It has been said the definition of insanity is doing the same thing

the same way over and over, each time expecting a better result. If

that’s true, prepare five straitjackets, and perhaps a nurse at

school district headquarters who can calmly call to Burbank’s school

board over the PA system, “It’s medication time. Line up for

medication. It’s medication time.”

Late last month, the board had the grim duty of receiving a report

on district employees to be notified they might not have jobs for the

next school year. The district must provide notices by certain dates,

or otherwise surrender the ability to cut payroll when budget figures

are more reliable than those available today.

Sending “discontinuation” notices to teachers in 129 full-time

positions in kindergarten through fifth grade does not mean 129 will

be laid off. Sending the notices does not bar the district from

filling every slot next year. But if district and state budget woes

deteriorate to what many now imagine to be the very worst scenarios

possible, the notices retain laying off the list of certificated

employees -- but ONLY those on the list -- as one of the tools in the

district’s box for contending with the cash crisis.

That said, it was astonishing to watch the board at one meeting

last month -- then at another just last week -- receive, address and

act on the list exactly the way it has handled most controver- sies,

utterly oblivious to the lessons members should have learned many

times by now. That is, they continue serving as a barely interested

but put- upon rubber stamp, no matter the enormity of an issue’s

impact on students.

Despite many episodes that saw the board discovering the folly of

moving on plans that had virtually no review outside district

headquarters, the board did exactly that again. Even when a board

critic spotted an error in figures district staff used as its basis

for eliminating a particular job, the board approved including the

amendment, but approved the staff’s proposal, apparently seeing no

point in perhaps inviting more people to look closer.

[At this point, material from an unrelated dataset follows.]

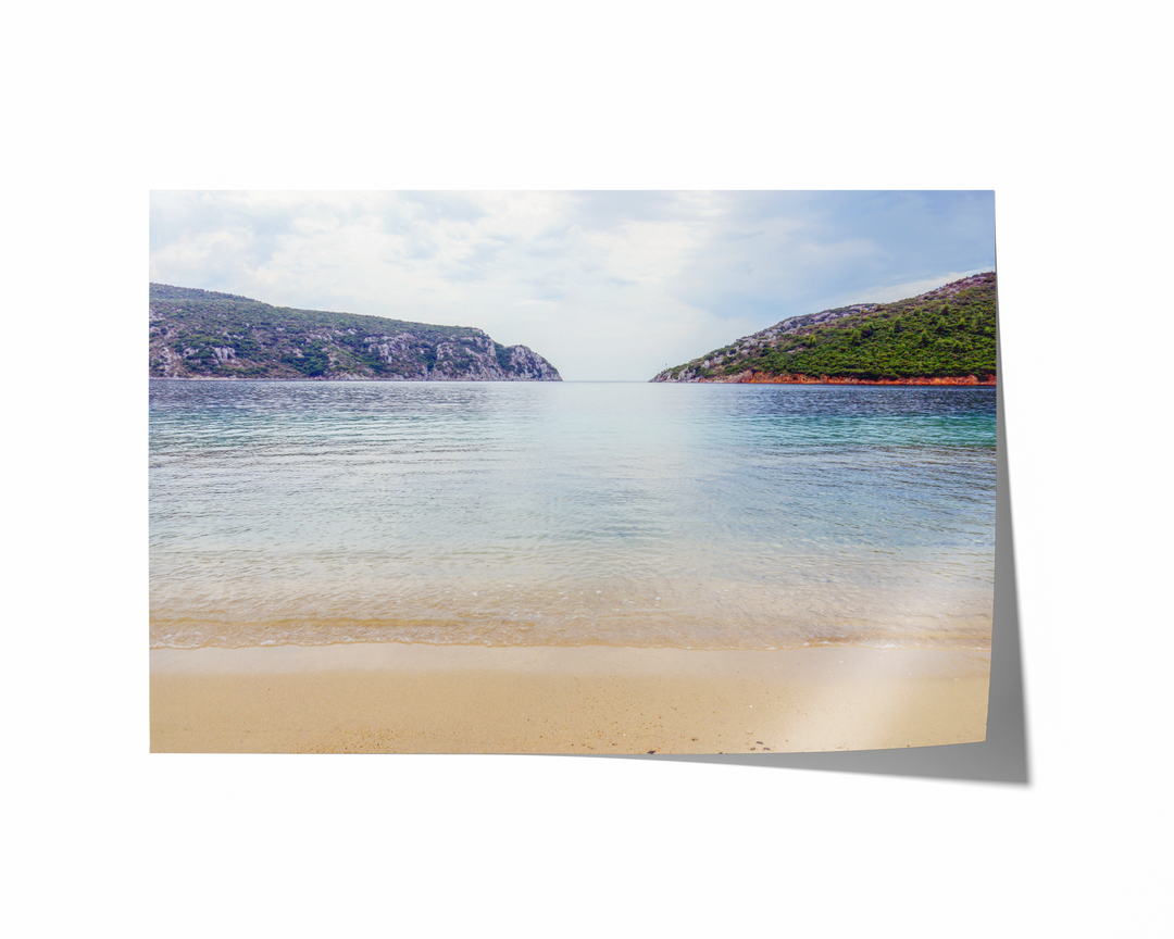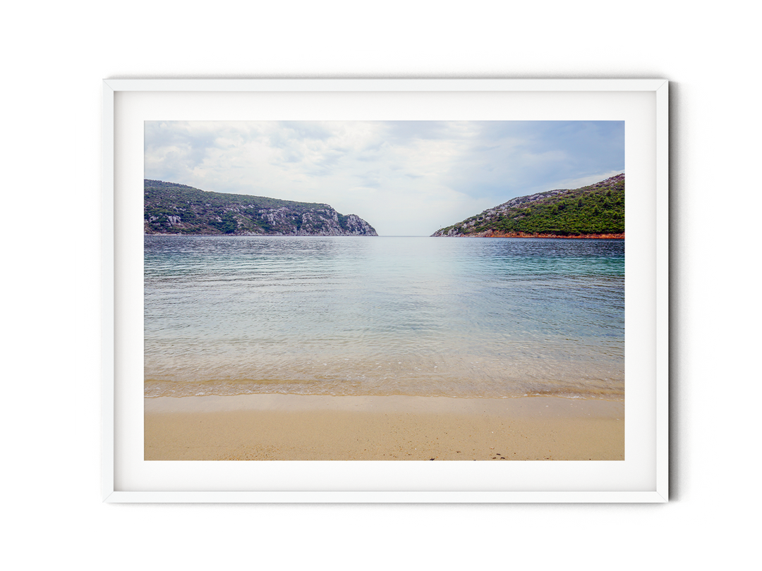 Capture the serene beauty of Porto Koufo, a captivating natural harbor nestled on the Greek peninsula of Halkidiki, with this atmospheric beach print. The name "Porto Koufo" means "deaf harbor" due to the surrounding mountains that shield the port from the sound of the sea. Porto Koufo exudes a unique tranquility. This coastal photography print perfectly encapsulates the calm atmosphere, transporting you to the peaceful shores of Greece. Bring a touch of Greece's coastal allure into your home with this stunning beach print, allowing the beauty and serenity of this stunning beach to serve as a constant reminder of the wonders of nature.

Maybe the depths of the board’s cluelessness was best demonstrated

by board member Elena Hubbell when, during her failed reelection bid

last month, she responded to a question at a forum. Asked about

complaints that the public, teachers and others are denied access and

input before the board renders major decisions, Hubbell disputed the

claim. She said she was frustrated because, “I attend a lot of

functions and I have a lot of communications with parents.”

People are upset board members build consensus on decisions when

they talk privately or in closed meetings. Staff reports are released

literally minutes before they are cursorily discussed and voted on.

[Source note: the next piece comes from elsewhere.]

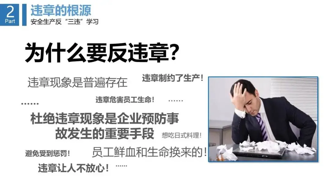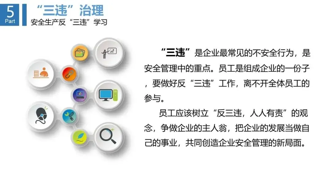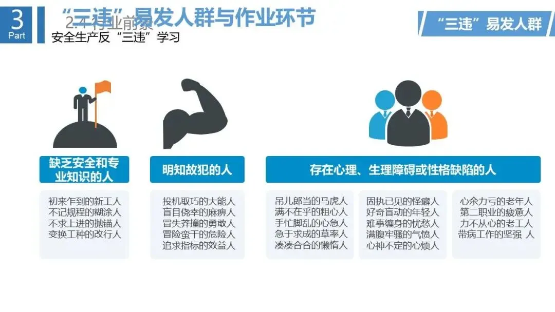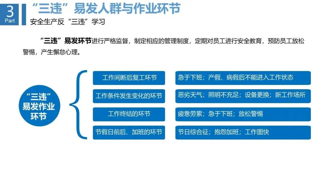 - 分析了“三违”的顽固性、传染性等特征,并指出了易发人群与作业环节。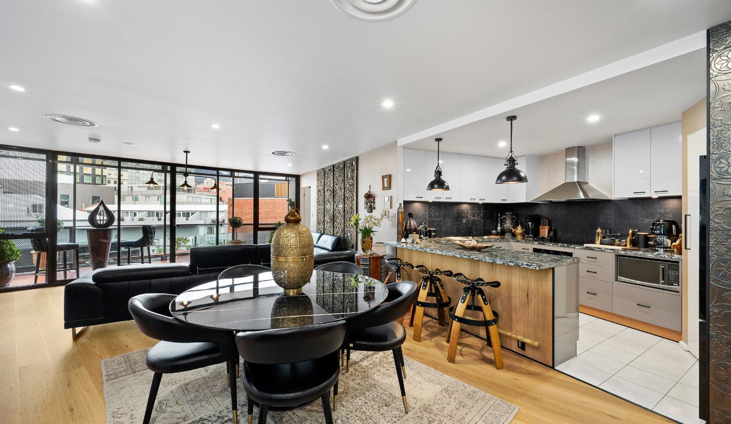 Imagine the grandeur and elegance of a bygone era reinterpreted as the backdrop for a stylish and comfortable contemporary lifestyle – this is what you will discover at 3 Lasswade Avenue. Under the vision of architects Studio Ilk, within the framework of this stately 120 year old Federation Queen Anne home, beautiful original period details have been retained and juxtaposed with modern embellishments to enhance liveability and luxury. Finishes are impeccable and elemental, with magnificent Kauri timber floors, the dramatic original blackwood staircase, soaringly high ceilings, and statement Tasmanian oak wall panelling. The eclectic use of such modern details as distinctive Louis Poulsen and Brand Van Egmond pendant lights, lavish porcelain tiles in all four bathrooms, steel and glass, and a neutral palette creates cohesion throughout.

And significant decisions with sweeping impact on students, teachers,

school staff and parents are made, but at no point in the process are

students, teachers, school staff and parents asked to consider the

proposal and offer suggestions or support. And Hubbell is frustrated

that going to “Open House Night,” PTA meetings and attending high

school football games doesn’t erase the concerns.

Proposing a solution for what she hoped would be her next term,

Hubbell told the forum audience, “Probably the most obvious thing

[for board members] to do is just open up the communications and

visit as many other places as we possibly can.” Ultimately, voters

showed Hubbell what was really the “most obvious” thing to do.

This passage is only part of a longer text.